I scowled at him. “Not without gloves, Christopher! If the plant is toxic, I don’t want you to touch it with your bare hands.”

“I’ll be careful,” Christopher said, and before I could stop him, he had ripped off a stalk with four or five pale purple flowers and oval leaves. “There.”

“I wish you wouldn’t have done that,” I grumbled, as I watched him scramble back onto the pavement. “We could have simply told Collins that they were here, and let him do his own gathering.”

“I’ll wash my hands when we get back to the house.” He shoved the stalk towards me and I leaned back, out of its way.

“I’m not touching that.”

He shook his head. “I don’t expect you to. I’m going to keep it in this hand until we get back inside, and then I’ll hand it off to Collins and visit the lav. That way, I won’t be touching you, and I won’t accidentally stick my thumb in my mouth…”

I rolled my eyes. “As if you still suck your thumb, you nitwit.”

“I don’t. But I do sometimes touch my face with my hands when I’m not thinking. I can’t imagine it would do me any good to get it in my eye, either.”
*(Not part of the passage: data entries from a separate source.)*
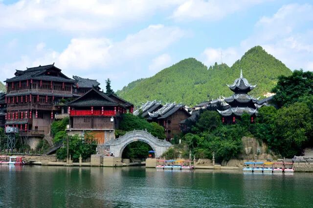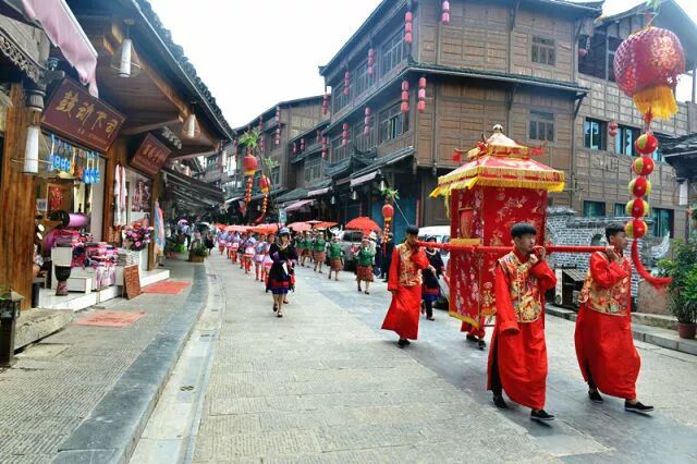 “打锣鼓、吹唢呐、接新人、到婆家……”这是下司古镇最具人气的一个常态表演活动,游客跟着行进的队伍一路经芦笙广场、拜码头、过连心桥、入洞房,在别有生趣的婚俗表演中,享受着古镇的美好与惬意。
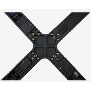 The passive INFINIBAR 4-Way Flat Connector from Aputure is a metal splicing connector for arranging four INFINIBARs at 90° offsets. The connector features 1/4"-20 threads for mounting the included eyebolts, along with cutouts allowing access to the power inputs.
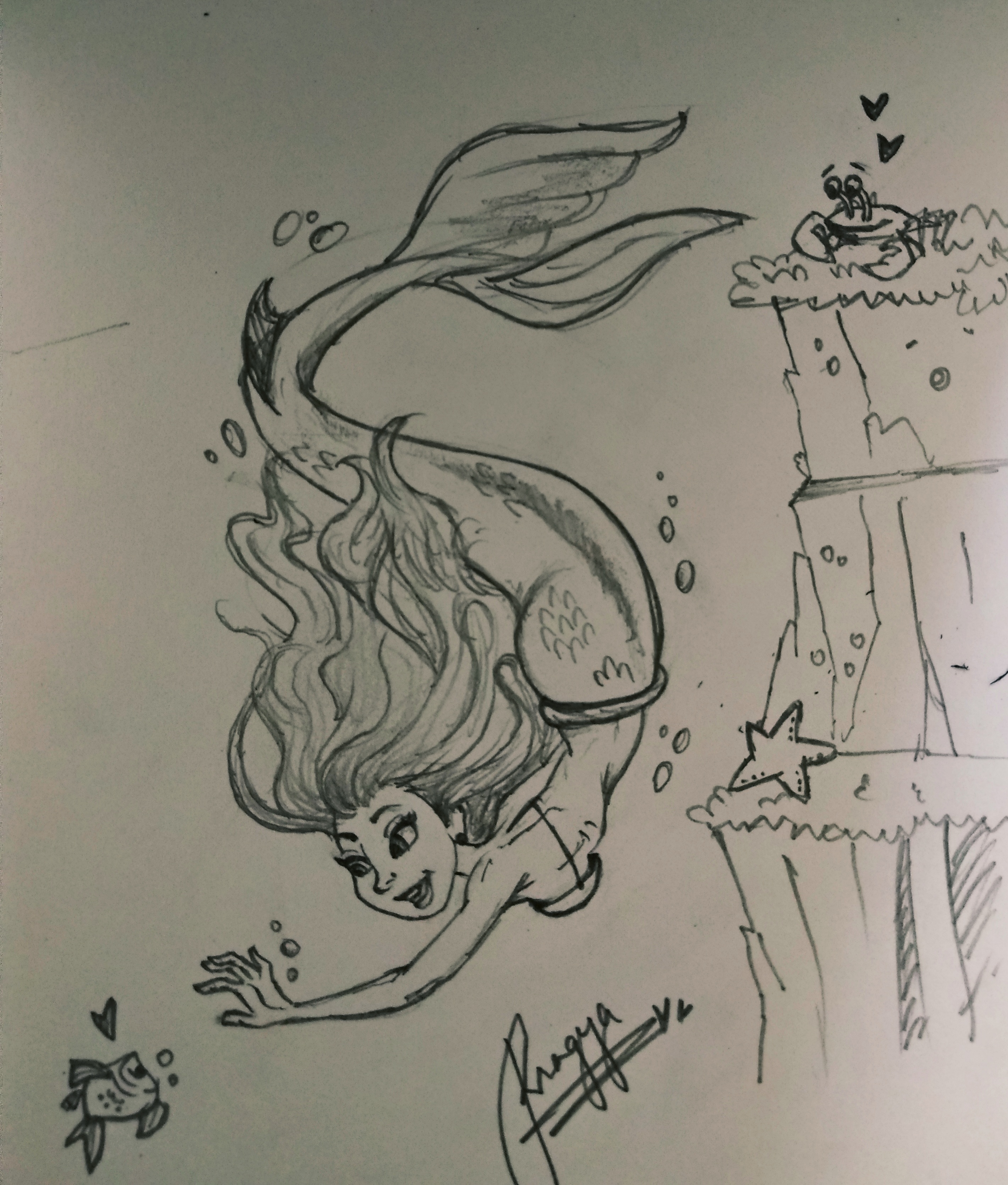 Little mermaid.pragyagupta (46)in #art • 8 years ago Deep down in the ocean, chasing the dreams. Making friends, and exploring beauties. There was a little mermaid who comes to me. #sketch #painting #drswing #mermaid

I shuddered. “No, I imagine not.”

“Look at it, though. Do you believe it’s pennyroyal?”

“It looks like what Constable Collins described,” I said, leaning in a bit and drawing in a deep breath. “And I think it definitely smells like mint.”

Christopher lifted the stalk to his own face and inhaled. “Spearmint, not peppermint.”

“Precisely.”

“I think we may have found it, then. And no more than a few minutes’ walk from the manor.”

I nodded, as we turned around and headed back towards the big, gray structure in the distance. “There are a couple of issues with this scenario, you know.”

He glanced acrss at me. “And what are those?”